The Ambassador of Sweden to the Maldives (known formally as the Ambassador of the Kingdom of Sweden to the Republic of Maldives) is the official representative of the government of Sweden to the president of the Maldives and government of the Maldives.
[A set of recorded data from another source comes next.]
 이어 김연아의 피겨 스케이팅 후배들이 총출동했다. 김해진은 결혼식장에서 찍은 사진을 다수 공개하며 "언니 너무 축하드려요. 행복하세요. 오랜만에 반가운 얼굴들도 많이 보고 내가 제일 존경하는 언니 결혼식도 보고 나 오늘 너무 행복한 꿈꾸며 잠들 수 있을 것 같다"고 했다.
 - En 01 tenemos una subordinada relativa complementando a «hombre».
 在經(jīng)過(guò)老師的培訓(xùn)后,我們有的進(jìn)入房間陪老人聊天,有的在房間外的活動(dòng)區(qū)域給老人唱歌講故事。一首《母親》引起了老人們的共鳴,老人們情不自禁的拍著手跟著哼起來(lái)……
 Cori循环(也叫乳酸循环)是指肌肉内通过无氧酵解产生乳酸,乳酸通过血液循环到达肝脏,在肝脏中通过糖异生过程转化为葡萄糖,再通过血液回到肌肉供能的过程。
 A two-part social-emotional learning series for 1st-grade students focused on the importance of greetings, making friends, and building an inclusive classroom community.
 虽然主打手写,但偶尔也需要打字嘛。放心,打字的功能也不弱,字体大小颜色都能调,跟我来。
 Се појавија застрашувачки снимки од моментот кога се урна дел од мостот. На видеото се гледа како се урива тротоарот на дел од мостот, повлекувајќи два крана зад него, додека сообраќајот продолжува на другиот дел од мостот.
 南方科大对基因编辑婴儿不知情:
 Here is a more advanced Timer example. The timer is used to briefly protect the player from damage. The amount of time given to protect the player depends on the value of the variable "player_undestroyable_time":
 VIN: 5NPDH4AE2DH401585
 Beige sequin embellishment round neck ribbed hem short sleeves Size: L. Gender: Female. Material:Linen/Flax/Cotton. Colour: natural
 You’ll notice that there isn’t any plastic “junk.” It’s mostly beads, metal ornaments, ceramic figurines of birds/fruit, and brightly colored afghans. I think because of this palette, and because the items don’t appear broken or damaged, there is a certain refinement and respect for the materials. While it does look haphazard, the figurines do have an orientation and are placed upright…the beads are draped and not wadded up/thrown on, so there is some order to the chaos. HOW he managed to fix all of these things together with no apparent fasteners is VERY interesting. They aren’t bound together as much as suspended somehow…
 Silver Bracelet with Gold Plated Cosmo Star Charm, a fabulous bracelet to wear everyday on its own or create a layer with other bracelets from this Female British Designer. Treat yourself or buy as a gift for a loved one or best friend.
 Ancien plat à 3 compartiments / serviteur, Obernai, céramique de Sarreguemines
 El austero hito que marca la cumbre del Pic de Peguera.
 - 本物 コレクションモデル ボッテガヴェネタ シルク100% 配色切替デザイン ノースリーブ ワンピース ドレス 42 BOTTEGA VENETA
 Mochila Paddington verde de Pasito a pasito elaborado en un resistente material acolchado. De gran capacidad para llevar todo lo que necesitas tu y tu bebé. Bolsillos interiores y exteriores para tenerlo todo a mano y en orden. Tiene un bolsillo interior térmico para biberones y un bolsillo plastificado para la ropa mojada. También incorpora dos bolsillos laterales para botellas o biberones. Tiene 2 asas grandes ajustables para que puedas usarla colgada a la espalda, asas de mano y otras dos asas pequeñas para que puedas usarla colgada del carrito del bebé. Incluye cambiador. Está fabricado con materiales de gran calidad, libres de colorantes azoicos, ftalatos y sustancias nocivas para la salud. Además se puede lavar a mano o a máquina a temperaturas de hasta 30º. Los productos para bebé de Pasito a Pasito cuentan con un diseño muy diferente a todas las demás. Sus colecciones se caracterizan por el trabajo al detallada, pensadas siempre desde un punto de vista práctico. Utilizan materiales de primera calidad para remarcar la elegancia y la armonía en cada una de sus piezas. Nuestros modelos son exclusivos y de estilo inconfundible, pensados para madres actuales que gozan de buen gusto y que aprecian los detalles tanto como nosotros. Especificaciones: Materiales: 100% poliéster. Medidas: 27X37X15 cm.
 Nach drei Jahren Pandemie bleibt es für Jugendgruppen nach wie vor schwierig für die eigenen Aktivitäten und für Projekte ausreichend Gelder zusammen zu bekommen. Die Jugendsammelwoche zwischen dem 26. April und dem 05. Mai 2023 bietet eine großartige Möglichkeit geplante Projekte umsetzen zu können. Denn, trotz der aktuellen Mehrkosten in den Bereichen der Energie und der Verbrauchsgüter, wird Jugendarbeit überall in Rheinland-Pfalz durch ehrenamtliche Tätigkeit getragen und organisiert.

Sweden's ambassador in New Delhi, India, is concurrently accredited to Malé, the capital of the Maldives.

==History==
Sweden established diplomatic relations with the Maldives on 21 August 1978, the same day that Bengt Rösiö, Sweden's ambassador in Islamabad, Pakistan, was also appointed ambassador to Malé, the capital of the Maldives.

In 1995, this accreditation was transferred to the Swedish ambassador in New Delhi, India.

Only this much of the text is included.